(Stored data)
━━━━━━━━
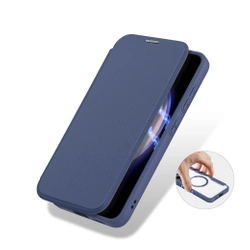 Étui tendance avec rabat en cuir écologique, compatible avec MagSafe. Cet accessoire élégant protège non seulement votre smartphone de tous les côtés, mais facilite également l'organisation au quotidien. A l'intérieur vous trouverez plusieurs compartiments pour documents ou cartes de crédit.
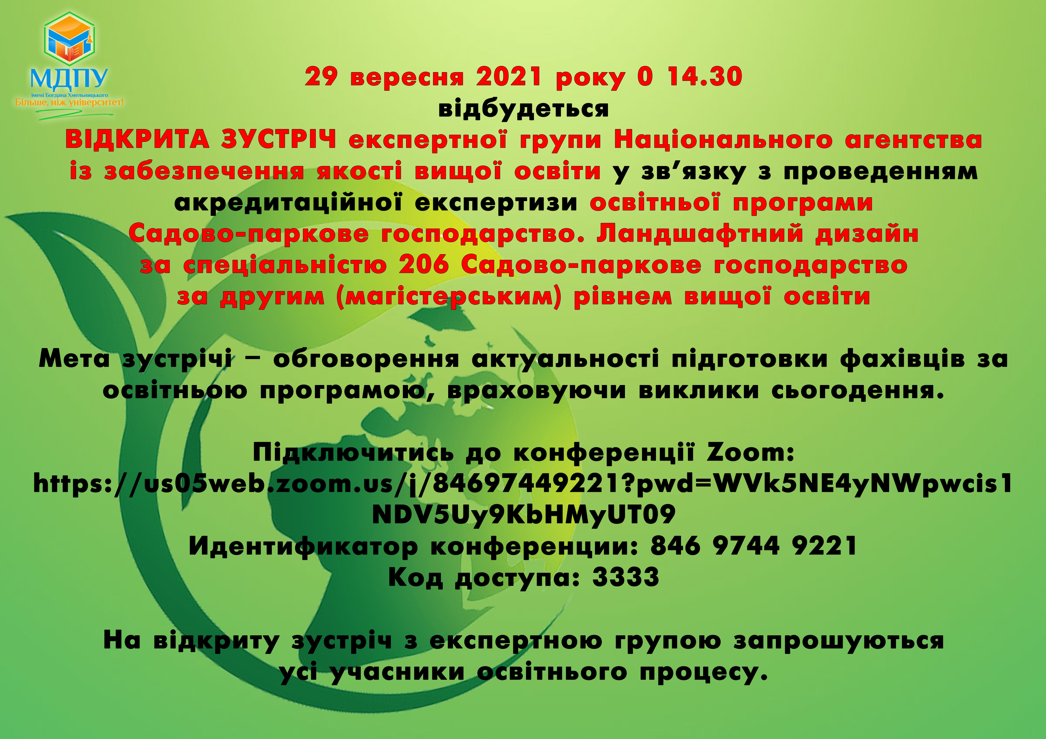 МДПУ > Новини університету > ВІДКРИТА ЗУСТРІЧ експертної групи НАЗЯВО у зв’язку з проведенням акредитаційної експертизи освітньої програми Садово-паркове господарство. Ландшафтний дизайн
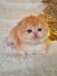 Merry’s unique folded ears and perfectly round face showcase the irresistible charm of Scottish Fold kittens. Her soft, plush coat and gentle, playful demeanor make her a joy to have around, bringing warmth and happiness to any home. At just a few months old, Merry is already a shining example of her breed’s endearing qualities.
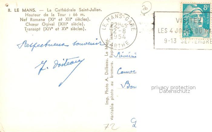 13487709 carte postale Le Mans Sarthe Cathedrale Saint Julien postalisch gelaufen Erhaltung siehe scans [LiesaD40] KatCode: 11170072372181
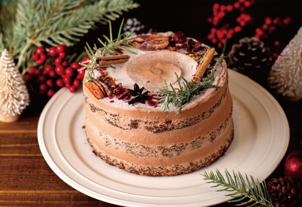 しっとりチョコレートスポンジに、自家製いちごジャムの優しい甘酸っぱさが特長のクリスマスケーキです。ナッツとスパイスも香るそう。5寸サイズで、お値段は2,700円です。
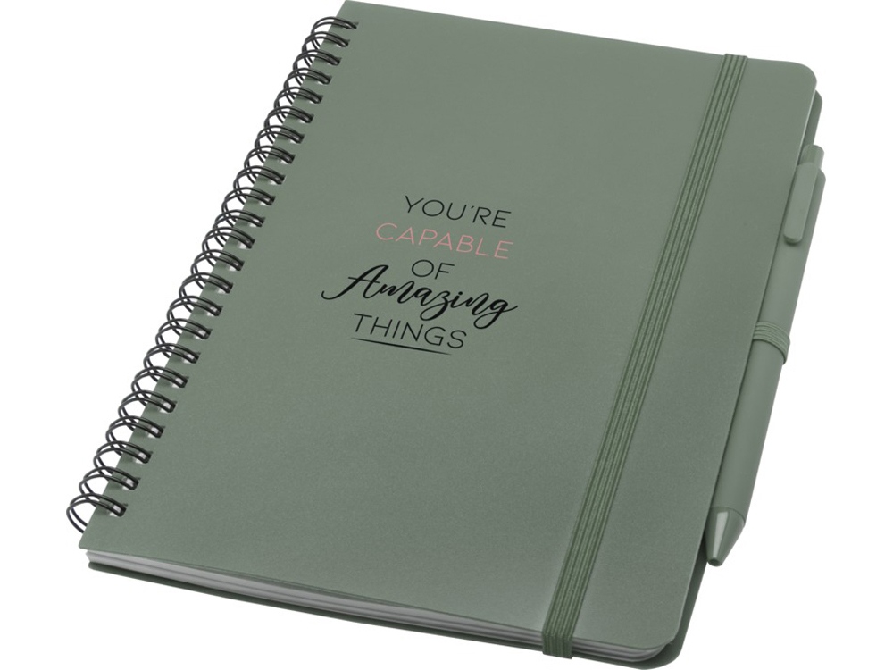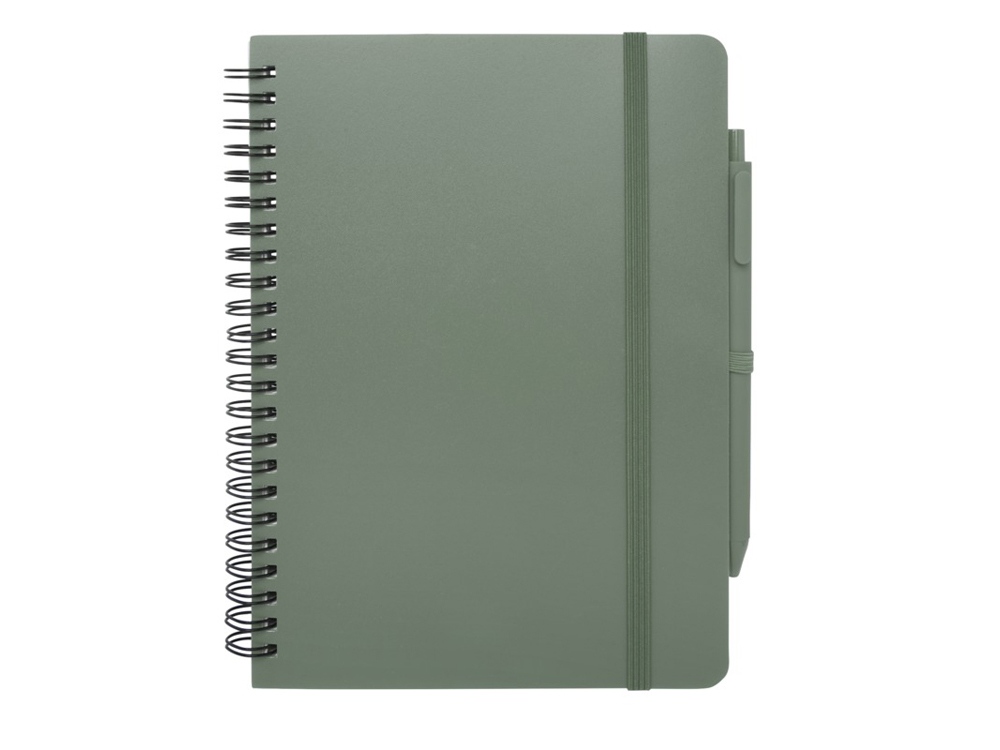 Блокнот Thalaasa формата А5 в твердой обложке из океанического пластика с шариковой ручкой - Зеленый яркий
━━━━━━━━
_Work required_
What you should return is the exact text of every line from the top of the entries through the line with "МДПУ > Новини", pictures removed.

_Completed task_
 Étui tendance avec rabat en cuir écologique, compatible avec MagSafe. Cet accessoire élégant protège non seulement votre smartphone de tous les côtés, mais facilite également l'organisation au quotidien. A l'intérieur vous trouverez plusieurs compartiments pour documents ou cartes de crédit.
 МДПУ > Новини університету > ВІДКРИТА ЗУСТРІЧ експертної групи НАЗЯВО у зв’язку з проведенням акредитаційної експертизи освітньої програми Садово-паркове господарство. Ландшафтний дизайн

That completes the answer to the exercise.